Zmarła związana z Tarnowem reżyserka - TARNÓW - Polski Biegun Ciepła

Zmarła związana z Tarnowem reżyserka

23 maja zmarła Ewa Marcinkówna, tarnowianka, reżyserka teatrów lalkowych i dramatycznych, przez kilka lat związana z Teatrem im. L. Solskiego w Tarnowie. Uroczystości pogrzebowe odbędą się 29 maja o godz. 12.00 w kaplicy cmentarza komunalnego w Mościcach.

Ewa Marcinkówna pochodziła z Tarnowa, gdzie uczęszczała do IV Liceum Ogólnokształcącego.
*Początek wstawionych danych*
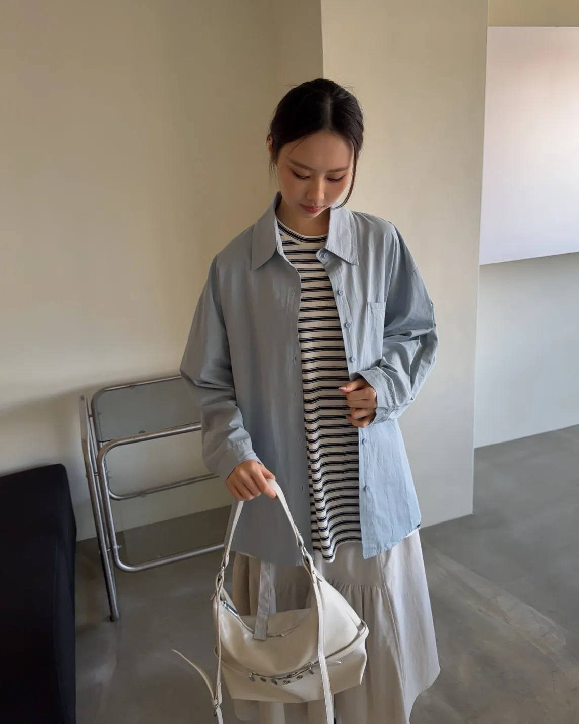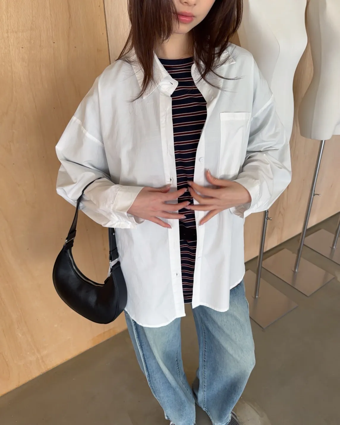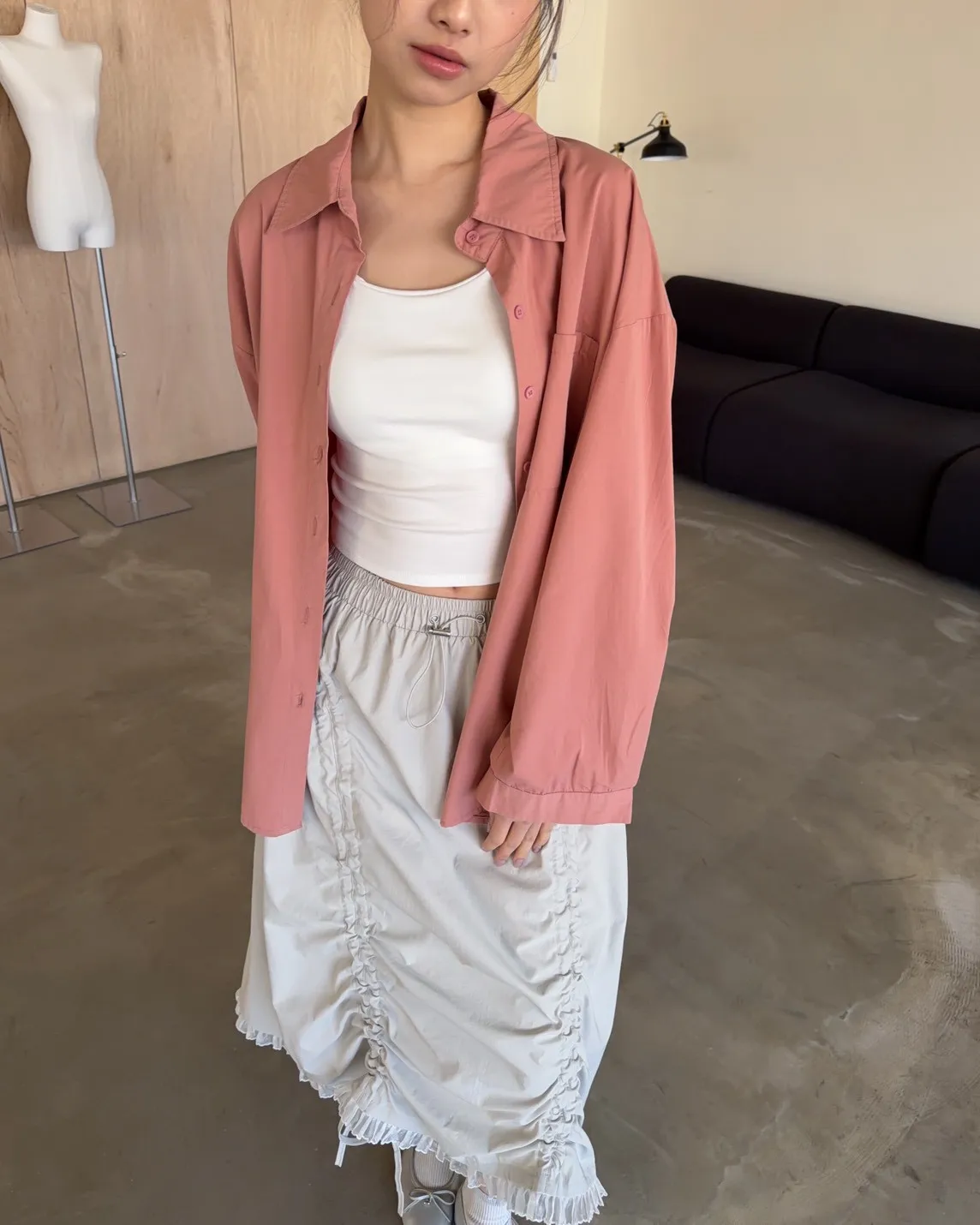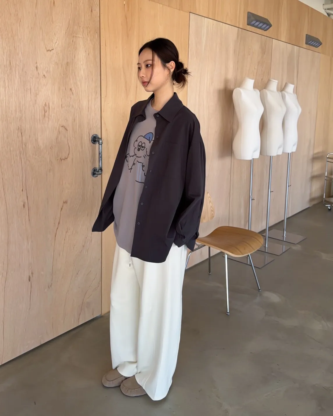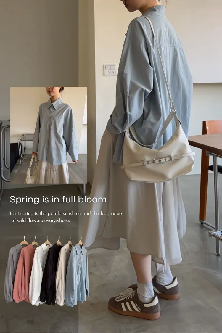 A0059(六色)小畫家同色扣寬版襯衫(白/杏/粉紅/淺藍/灰/深灰)

Ukończyła filologię polską (specjalizacja teatrologiczna) na Uniwersytecie Jagiellońskim. Była kierownikiem literackim teatru Lalki, Maski i Aktora Groteska w Krakowie, dyrektorem naczelnym i artystycznym oraz reżyserem Teatru Rabcio w Rabce, wicedyrektorem i reżyserem w Tarnowskim Teatrze, gdzie współtworzyła i kierowała Sceną Lalki i Aktora. Przez wiele lat związana była z Londyńskim Teatrem Syrena. Współpracowała z wieloma polskimi scenami. Ostatnie mieszkała w Zakopanem, gdzie współpracowała z Teatrem S.I. Witkiewicza.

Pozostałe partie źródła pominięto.